As a school commissioner, Foster said he would not play favorites among the schools in the district.

Furthermore, Foster said he would contribute his salary toward the advancement of students in the district by creating scholarships and field trip funds.

"It has occurred to me over the years what the meaning of service is," said Foster. "The salary is not that much, but I'm not inclined to keep it. I intend to establish scholarships from that salary for students in this district so that students who may need those scholarships can have an opportunity to go to college."

"I understand what the meaning of service is now after all these years," Foster said. "I've already been paid to be a principal so I don't intend to double-dip, so to speak, and be paid for being a board member as well. I may have some minor expenses that would be paid out of my salary, but I guess I'd have about $600 each month to devote to scholarships and field trip funds."
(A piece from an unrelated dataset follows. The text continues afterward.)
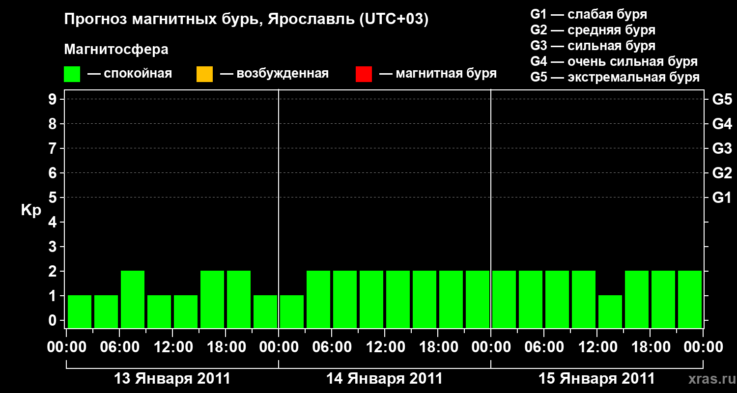 Прогноз магнитных бурь в Ярославле на 13 января 2011 года

"I'm not in it for the money," Foster chuckled. "It has to do with a commitment to the students, the teachers and the community. I've benefited through the years working with these students and teachers. I've derived significant benefits from having those people in my life. This is an opportunity to give back to them and to repay for the service that was done for me. That's just the way I feel about it."
 
Foster attended St. Margaret's in Bayou la Batre and McGill Institute in Mobile. He attended St. Bernard's College in Cullman. He earned his masters at the University of south Alabama and his doctorate from the University of Alabama.

The Fosters' children -- Leslie Gaston, 37, and Chuck Foster, 34 -- attended public schools in Mobile, as do Leslie's children, the Fosters' grandchildren.

Foster emphasized that all of his political activity would occur in the evening and on weekends.

Keeping up with Jones
There are now three accredited law schools in Alabama with the American Bar Association's approval of Faulkner University's Jones School of Law in Montgomery. According to Jones Law Dean Charles Nelson, the ABA designation will make it easier to recruit out-of-state students as well as qualified faculty members. Jones joins the state's two other previously ABA-accredited law schools at the University of Alabama and Samford University.

Peterson tosses hat in ring
Mobile native Dale Peterson has tossed his hat in the ring for state Commissioner of Agriculture and Industries in elections next year.

The 64-year-old Peterson now resides
in Shelby County with Kathy, his
wife of more than 30 years.

Peterson describes himself as a
"retired, successful businessman who
has never had political aspirations,
but is offering to give back and
break the rotation cycle of the same
ol' state office-hopping and state
committee-hopping politicians."

Peterson moved to Birmingham when he was eight years old. He joined the Marine Corps in 1963 and returned to Birmingham in 1967, becoming a police officer. After earning a degree in Sociology from the University of Alabama, Peterson worked in marketing and production for a national industrial laundry chain.

In 1977 Peterson started Alabama's first pre-washed blue jeans laundry facility in Opp.
After selling the company to
a national blue jeans
manufacturer, Peterson
pitched a plan to the State
of Alabama for out-sourcing
the State's laundry needs.
He won a competitive bid contract and built the largest industrial laundry facility in the Southeast in Tuscaloosa which ultimately he also sold.

One of his objectives in office, said Peterson, would be to attract youth back to the family farm. There are fewer than 50,000 farmers in Alabama now and their average age is 55.
 
Peterson is running as a Republican. Former state Forestry Commissioner John McMillan of Stockton in Baldwin County and Dorman Grace, past president of the Alabama Poultry & Egg Association, are also running for the office as Republicans.

The current Agriculture and Industries Commissioner Ron Sparks is seeking the Democratic nomination for governor of Alabama.